|
FZGPUModules 2.0
GPU-accelerated modular compression pipelines
|
Header: modules/coders/bitpack/bitpack_stage.h
Class: fz::BitpackStage<T>
Category: Coder (lossless)
Packs each element using only its low nbits bits into a dense byte stream.
T[] → uint8_t[] — ceil(n × nbits / 8) bytes.uint8_t[] → T[] — unpacks elements, zero-extending to full width.Most useful after a Lorenzo predictor stage where small delta values only need a few bits of representation.

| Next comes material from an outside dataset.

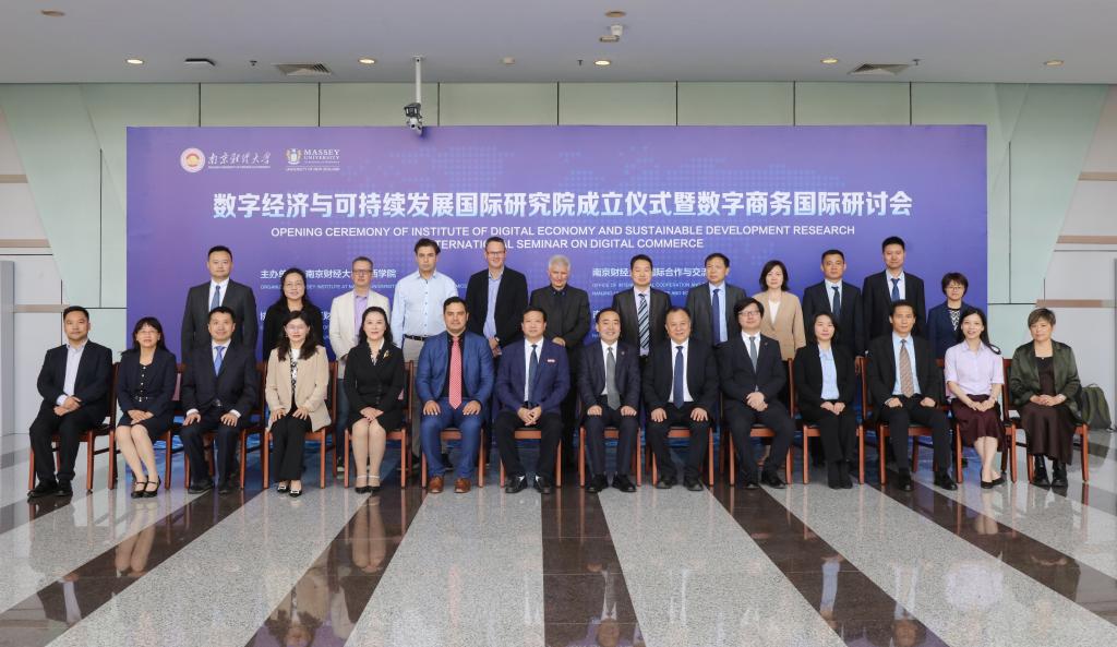 研究院揭牌后召开了数字商务国际研讨会,来自梅西大学、金年会jinnianhuicom、德州大学达拉斯分校的专家学者围绕数字经济、跨境数字化贸易、数字商务、可持续发展等主题展开研讨。
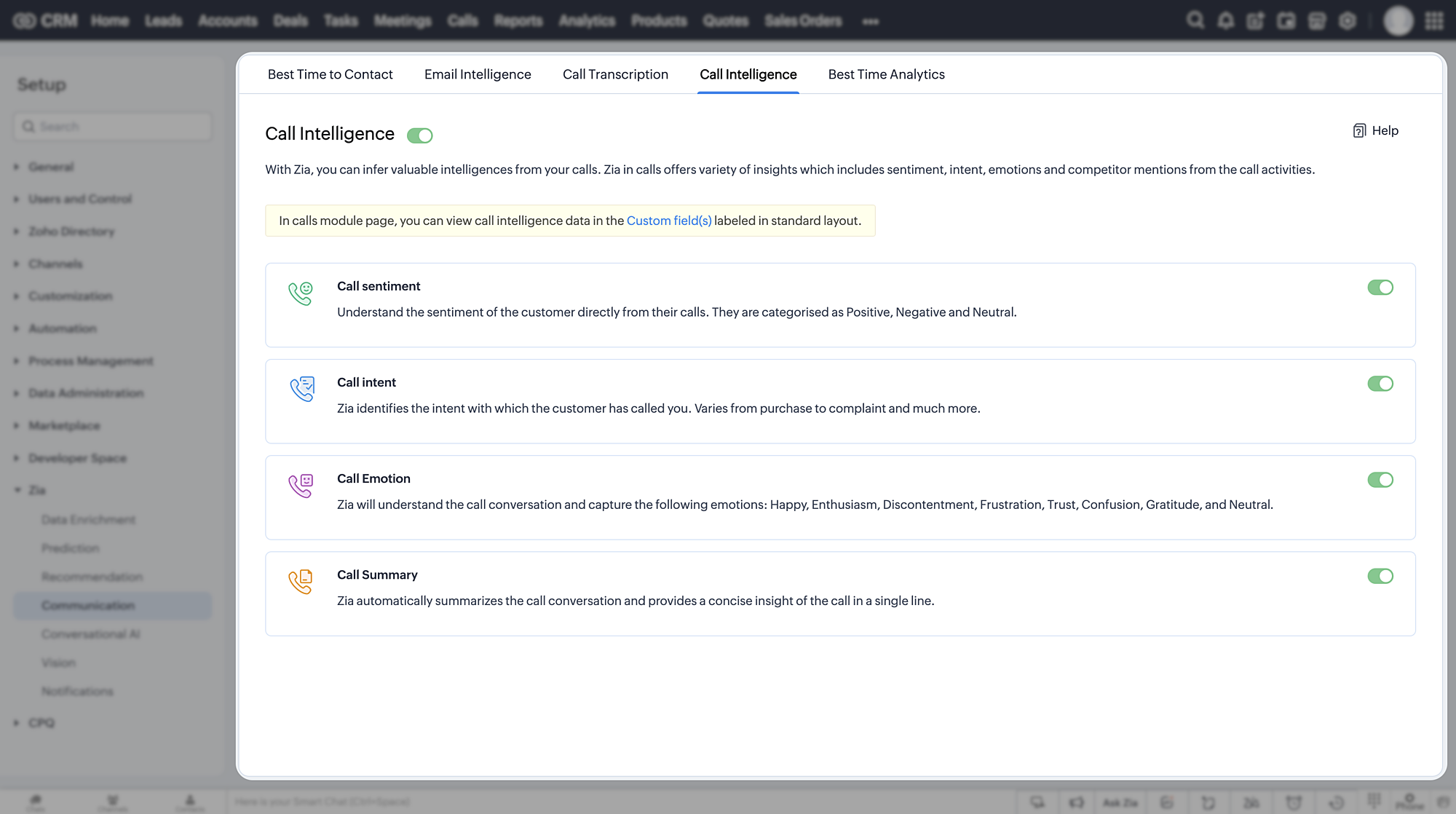 ) și apoi apasă pe Communication din opțiunile Zia. - Navighează la tab-ul Call Intelligence.

| Parameter | Constraint |
|---|---|
T | Unsigned integer type (see available instantiations below) |
Only these types are compiled and linked:
BitpackStage<uint8_t>BitpackStage<uint16_t>BitpackStage<uint32_t>Using any other type will result in a linker error. Most common: BitpackStage<uint32_t> (to match typical quantizer code width).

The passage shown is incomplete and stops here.